Sei sulla pagina 1di 1

Coli: un paradiso perduto, a pochi passi dal caos.

Da Bobbio ci vogliono dieci chilometri per arrivare a Coli, e a uno spazio che somiglia a
un tesoro perduto, un braccialetto di gemme caduto in mare, vicino alla riva. Basta
guardare meglio sotto la spuma per scorgere qualcosa che luccica. Il braccialetto. Il
comune di Coli.
Oltrepassando il ponte sul Trebbia, salendo verso il monte Armelio, si raggiunge il
capoluogo del comune omonimo, Coli. La prima cosa che colpisce, una volta arrivati in
cima, è lo spettacolo della natura. La vallata scoscesa si interrompe per cedere il
passo alla vegetazione che, d’estate, si tinge di verde, e in autunno diventa la
tavolozza multicolore di un pittore estroso. Non serve un grande intervento da parte
dell’uomo, c’è già tutto per vivere l’esperienza dell’oasi. Perché è questo ciò che
provano gli abitanti del deserto quando raggiungono un’oasi: pace e meraviglia.
È salendo, però, che si resta senza fiato. Le chiamano le Grotte di San Michele ed è il
più antico centro religioso della zona; voluto dal santo irlandese Colombano, quando vi
arriva, intorno al 570, per predicare il Verbo di Cristo.

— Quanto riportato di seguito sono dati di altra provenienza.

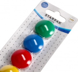 Praktická sada kulatých magnetů v mixu barev – zelená, modrá, červená a žlutá – o průměru 2,9 cm. Ideální pro kancelář, školu i domácnost. Magnety mají silnou přilnavost, lesklý povrch a snadno se uchopují, takže bezpečně udrží poznámky, fotografie i dokumenty na magnetických tabulích nebo lednici. Balení obsahuje 6 kusů. Vhodné pro děti 3+.
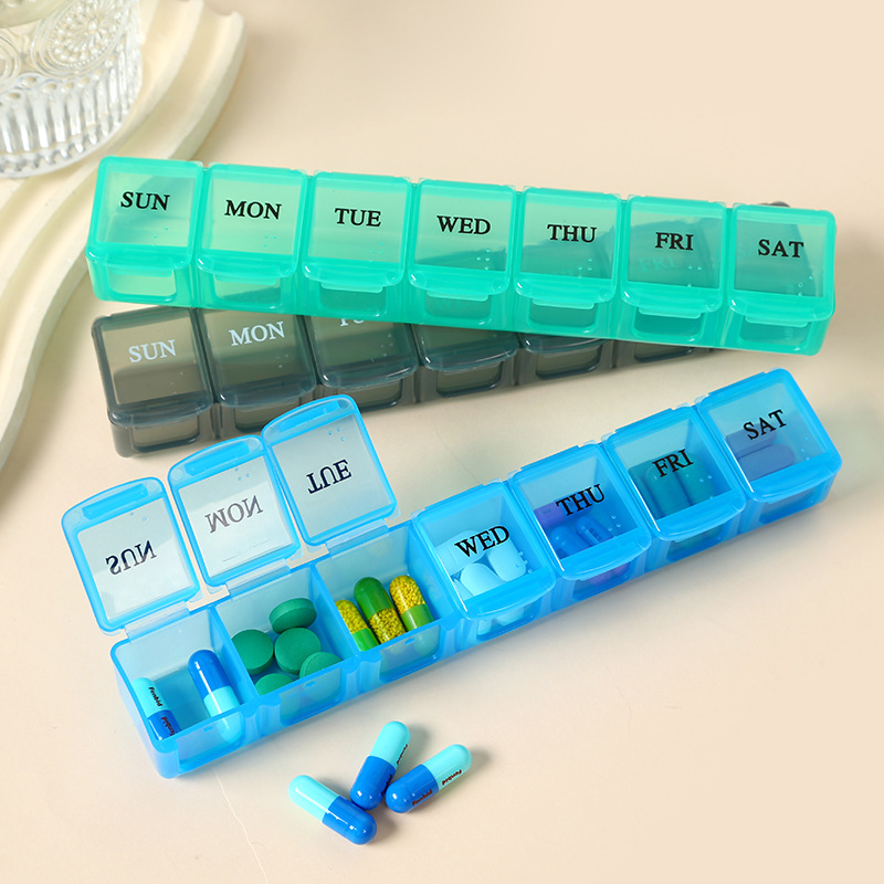 Cross-Border Weekly Pill Box with Flip-Top Seal, Multi-Color, One-Week Medication Organizer, 7 Compartments, Large Capacity Pill Storage Box
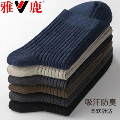 [雅鹿]男士棉款秋冬款袜子长袜中筒男士商务抗菌吸汗防臭透气运动袜
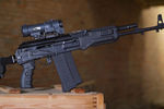 «Оружие выполнено на базе автомата АК103 под патрон 7,62×51 мм с элементами и узлами конструкции автомата АК-12. В настоящий момент идет подготовка к предварительным испытаниям вооружения», — сообщили представители концерна.
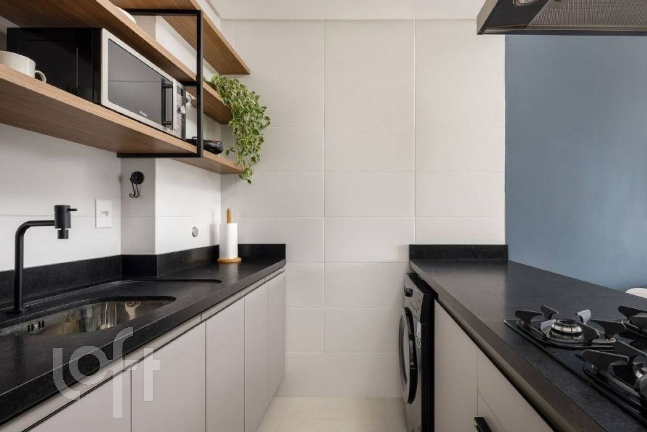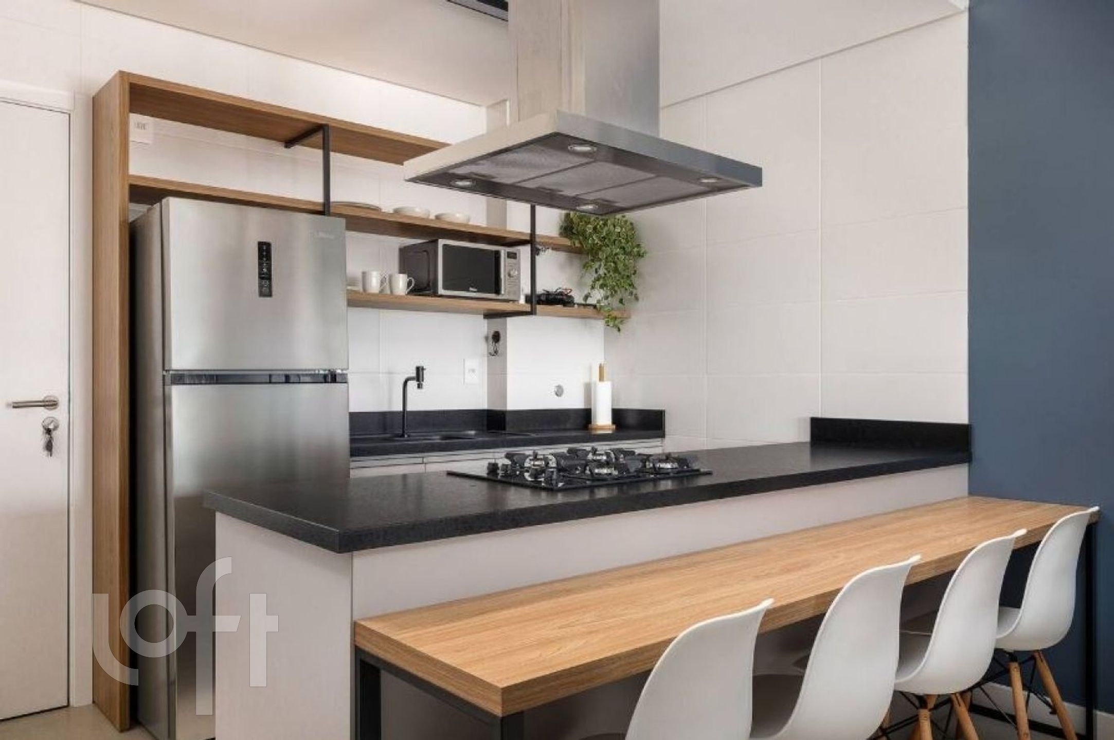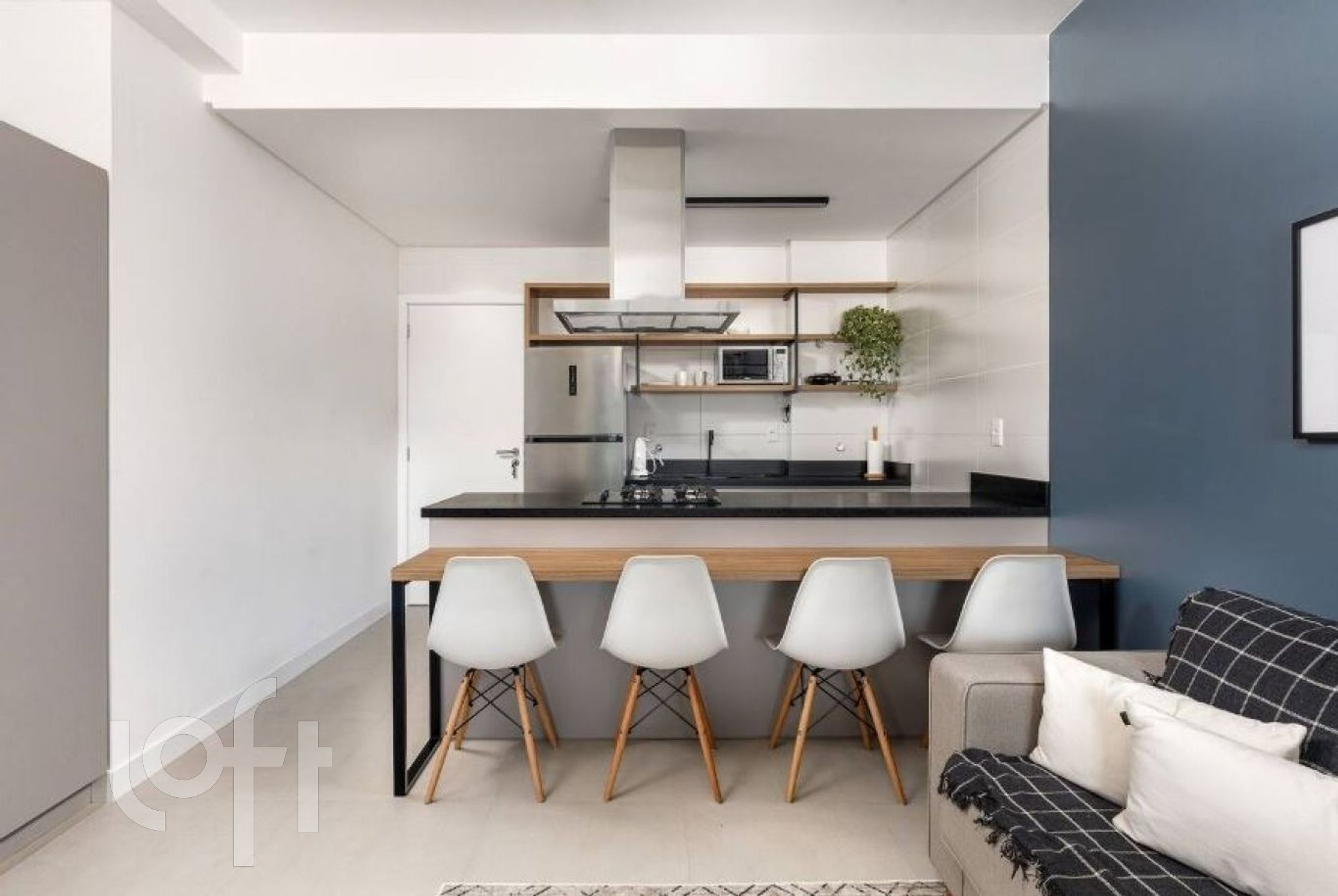 Cozinha em conjunto com uma sala de estar e um quarto. Conta com banheiro completo.
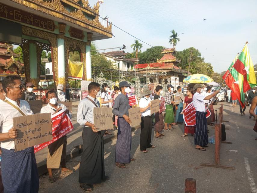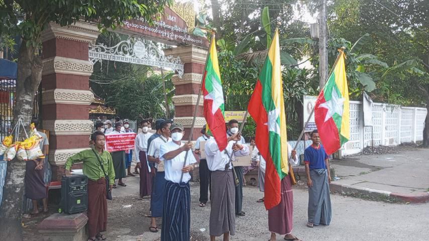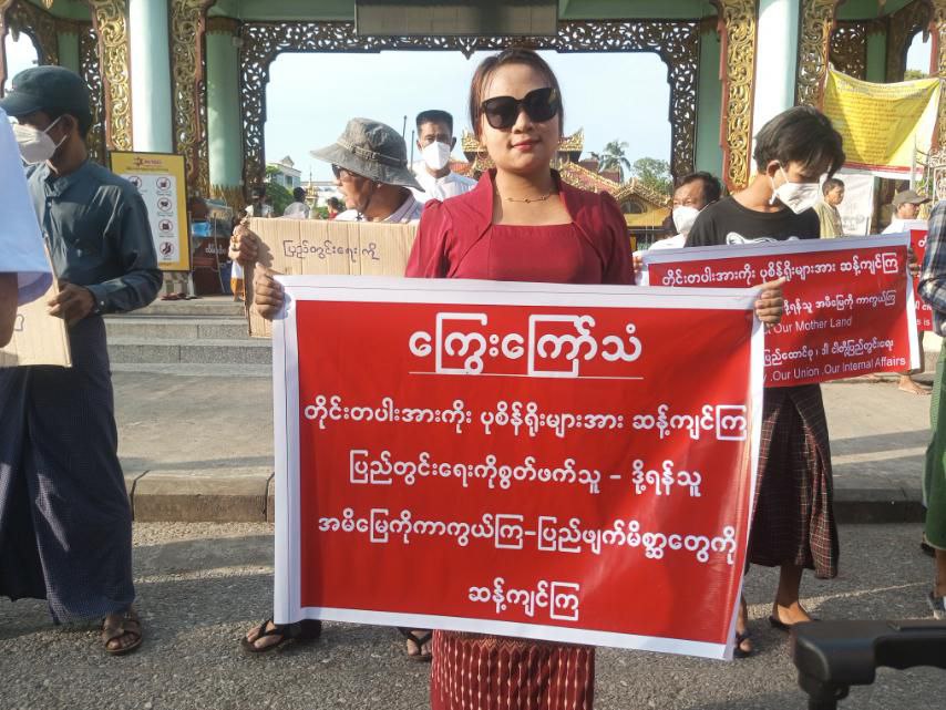 ရန်ကုန်တိုင်းဒေသကြီး၊ ဗဟန်းမြို့နယ်၊ ကြေးသွန်းဘုရားရှေ့တွင် ယနေ့ညနေ ၄ နာရီက ပြည်တွင်းရေးဝင်ရောက်စွက်ဖက်မှုများအား ဆန့်ကျင်ကန့်ကွက်ရှုတ်ချပွဲကို အမျိုးသားရေးလှုပ်ရှားသူများက ဦးဆောင်ကျင်းပခဲ့သည်။
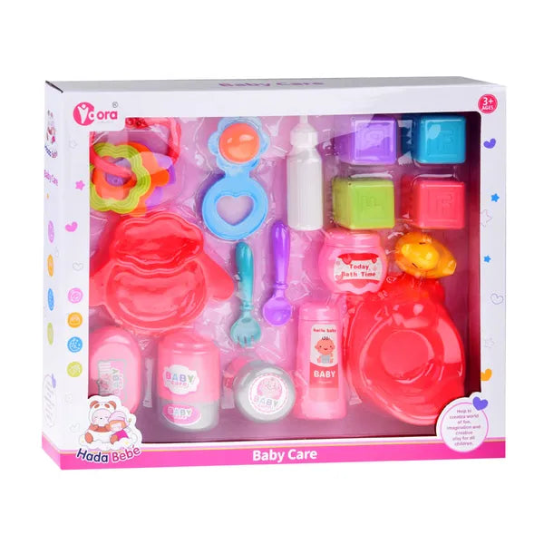 A 15 részes baba-kiegészítő készlet mindent tartalmaz, amire a kis szülőknek szüksége lehet a babázáshoz: a biliztetéstől kezdve az etetésen át egészen a fürdetésig. A színes műanyag darabok biztonságosan használhatók, serkentik a szerepjátékot, fejlesztik a finommotorikát és az empatikus készségeket.
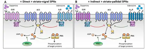 The mammalian adenylyl cyclase family comprises nine membrane adenylyl cyclases (mACs, AC1-9), and one soluble adenylyl cyclase (sAC, AC10). As an adenylyl cyclase, AC5 catalyses the production of the second messenger cAMP from ATP, under the regulation of G proteins.[10][11] The level of cellular cAMP controls the activity of protein kinase A (PKA), which phosphorylates target proteins. Upon phosphorylation, these effectors allow the cellular response to stimulation of G protein-coupled receptors (GPCR). However, AC5 differs from other mACs by its sequence and length, its expression pattern and its regulation. AC5 has been identified as the primary AC isoform expressed in MSNs.[12] The striatum controls movement via a subtle balance between the activity of two types of MSNs: the striato-nigral MSNs of the direct pathway that facilitate movement execution and the striato-pallidal MSNs of the indirect pathway that inhibit movement execution. The synthesis of cAMP by AC5 in MSNs is finely regulated by G protein-coupled receptors. AC5 is activated by the Gαolf protein (encoded by the GNAL gene) downstream of the D1 dopamine receptor (D1R) in the direct pathway and the adenosine A2A receptor (A2AR) in the indirect pathway, while it is inhibited by Gαi/o downstream of the D2 dopamine receptors (D2R) in the direct pathway and the adenosine A1 receptor (A1R) in the indirect pathway. cAMP levels in direct/indirect MSNs are critical for the activation of their target neurons, and thus facilitation or inhibition of movement.
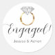These custom stickers say Engaged! along with a gold banded white diamond engagement ring and the bride and grooms names on the bottom. Perfect for an engagement party!

È da qui che il santo parlava al
popolo, mentre a valle, a Bobbio, stava sorgendo il Monastero, nel 613, e, sul comune
di Coli, gli Oratori di Rosso e il Porcile, verso la metà del 600.
La storia della sua costruzione è avvolta nel mistero, ma la presenza di un muro di
pietrame fa pensare a un cimitero adiacente alle Grotte, mentre di grande interesse è
un ponticello, a una sola arcata, sul Curiasca di Faraneto, forse di origine romana: un
collegamento tra il luogo sacro e la parte alta del comune di Coli.
Di Faraneto, invece, ne parla anche il Vocabolario Topografico dei Ducati di Parma,
Piacenza e Guastalla, che raccontano delle origini di Coli, e cita una cava di marmo
verde, nota sotto il nome di «marmo di Faraneto». Se questa gemma si è persa sotto
la frana, poco distante dalle Grotte, si erge ancora il castello di cui lo stesso
Vocabolario spiega: «l’antico e solitario palazzo di Faraneto, nome che scuote tuttavia
il cuore di molti di quei rozzi montanari, e desta paurose immagini nelle menti loro». E
non solo. Tutt’oggi, qualcuno sostiene che lì, in quel castello, ci sia ancora il fantasma.
Senza spostarsi molto, raggiungendo Peli, si può sperimentare il sublime di cui parlano
i filosofi. Il mondo brulica sotto, ammorbidito dalla distanza, dal calore del sole, mentre
l’osservatore si trova in alto, a dominare la valle con lo sguardo. Alle spalle
dell’incantato osservatore, si erge la chiesa dedicata a San Medardo, risalente al 1600,
accogliente e misteriosa come solo una piccola e antica chiesa di montagna sa essere.
La tipologia di impianto, però, fa pensare a un tempio risalente intorno al 1100-1200.
Sull’altare, tre affreschi sono un varco sul passato e completano l’arredo un
tabernacolo di legno marmorizzato e una statua lignea di antica fattura,
probabilmente del 1400. Peli, però, non è solo storia antica. Infatti, la statua sul
sagrato della chiesa, che sovrasta come un guardiano la valle, è dedicata a Emilio
Canzi, il partigiano le cui spoglie riposano nel piccolo cimiero attiguo.
Coli sembra un tesoro perduto, una gemma sul fondale del mare, in riva, sotto la
schiuma, e il bello di essere un tesoro perduto è la possibilità di essere (ri)scoperto,
disvelato, ritrovato suscitando sorpresa e meraviglia in chi ci si imbatte.